October 9 - 10 - 11, 2020

Summary by Craig Mandel (with minor edits by KRE)

With temperatures in the high 70s (and even a high near 85 on Friday), there was not much to complain about – unless you take into account the 15-25 mph SSW winds each day, which I am sure kept a lot of birds from migrating during our three days in southern Minnesota. And, had any insect-eating migrants arrived on our day in Waseca County, they would have been treated to feeding on many biting black flies. But most of the waterfowl had not arrived yet, and there was only one location that had any shorebirds. Many other migrants were in limited numbers (note our total of only 7 Yellow-rumped Warblers over the entire MBW), but there were many Hermit Thrushes, Golden-crowned and Ruby-crowned kinglets at several stops. 


We started in Waseca County checking a few locations around Goose Lake, where we observed our first Hermit Thrushes of the trip along with a mix of sparrows. A stop at Loon Lake gave us good looks at a large flock of Franklin's Gulls and our only Double-crested Cormorant for the day. Our nice walks at Courthouse and Ray Eustice county parks added a few species of interest, including a Nashville Warbler and a cooperative Brown Creeper. Our next stop at the Janesville WTP was highlighted by a large group of Tree Swallows flying over the road and ponds. But some of the most interesting birds of the day were unfortunately observed by just Nancy and myself while heading back to Owatonna. We found a pair of Trumpeter Swans on Goose Lake, and we then took some back roads back to town: en route, we added Eurasian Collared-Doves, and at Blowers County Park we observed a late Baltimore Oriole, our only Yellow-rumped Warbler of the day, and some Purple Finches. 


Our birding day in Steele County started with a morning walk at Mineral Springs Park, where we added a fly-over Sharp-shinned Hawk, plus our first Red-breasted Nuthatch of the trip. There were also some Purple Finches and a single Yellow-rumped Warbler. Our next location of note was the Armstrong Wetland Restoration, where we observed a mix of shorebirds and waterfowl. (This newly restored wetland should offer some great birding opportunities in Steele County for years to come.) Rice Lake State Park and Oak Glen Lake are usually good for birding, but they were relatively quiet when we checked them. Our last stop of the day was at Kaplan's Woods Park in Owatonna, where we added Winter Wren and Barred Owl to the county and day lists. 

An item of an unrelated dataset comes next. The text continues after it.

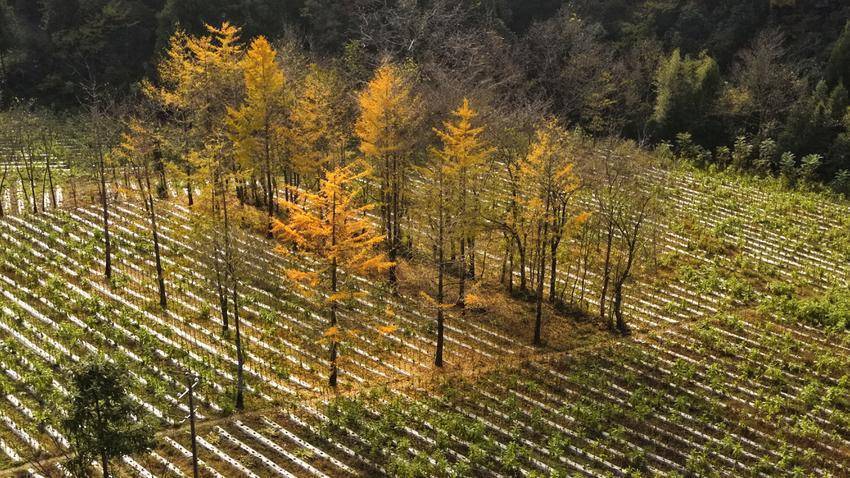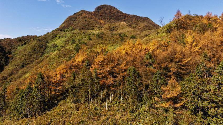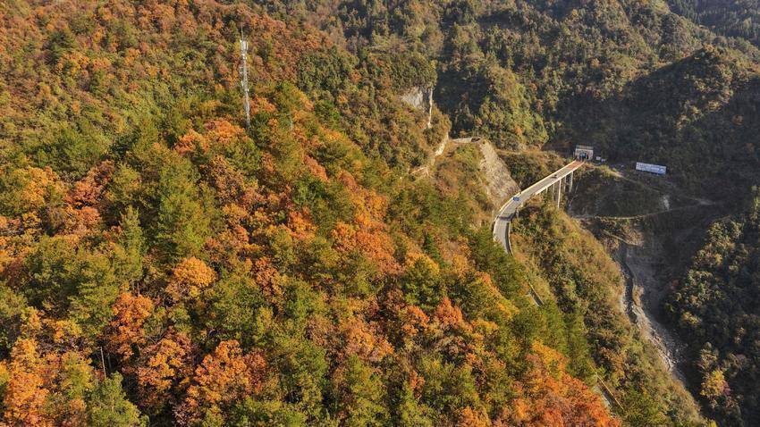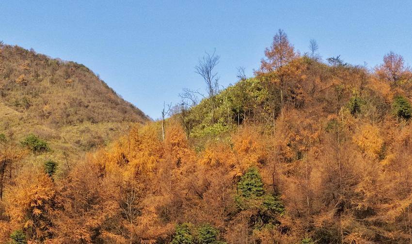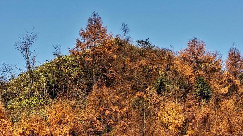 最动人的是那片“燃烧”的林麓:落羽杉抖落一身金箔,每片枝叶都盛着暖阳的温度,风过处,细碎的光斑在林间跳跃,像把整个秋天的余温都藏进了初冬的褶皱里。而盘山公路如银带般绕山,在彩林中蜿蜒出灵动的曲线,仿佛是自然写给人间的抒情诗行。

Our last day in Dodge County produced the smallest variety of birds, as a small flock of Canada Geese was the only species of waterfowl observed in the county that day. We started out at the Rice Lake Cemetery, with a few species of sparrows and a fly-over Wilson's Snipe. Then, in an effort to shake a few aliens that had gotten into our car caravan, we made a stop at the Wasioja Seminary Park, where some of the group observed a late Tennessee Warbler and a Nashville Warbler. Afterwards, we enjoyed a nice walk at Tollefson Woods, where we added Barred Owl, Red-breasted Nuthatch, and our only Cedar Waxwings of the trip. The only other stop of the day that had any birds of note was at the Evergreen Cemetery, where we found a late Pine Warbler.


So, taking into account our 8-car caravan, 6-foot social distancing, and the warm and windy weather, our 88 species of birds observed for the 3 days was pretty good. 


Bird List 

• W = seen Oct . 9 in Waseca Co. (62 species) 

• S = seen Oct. 10 in Steele Co. (69 species) 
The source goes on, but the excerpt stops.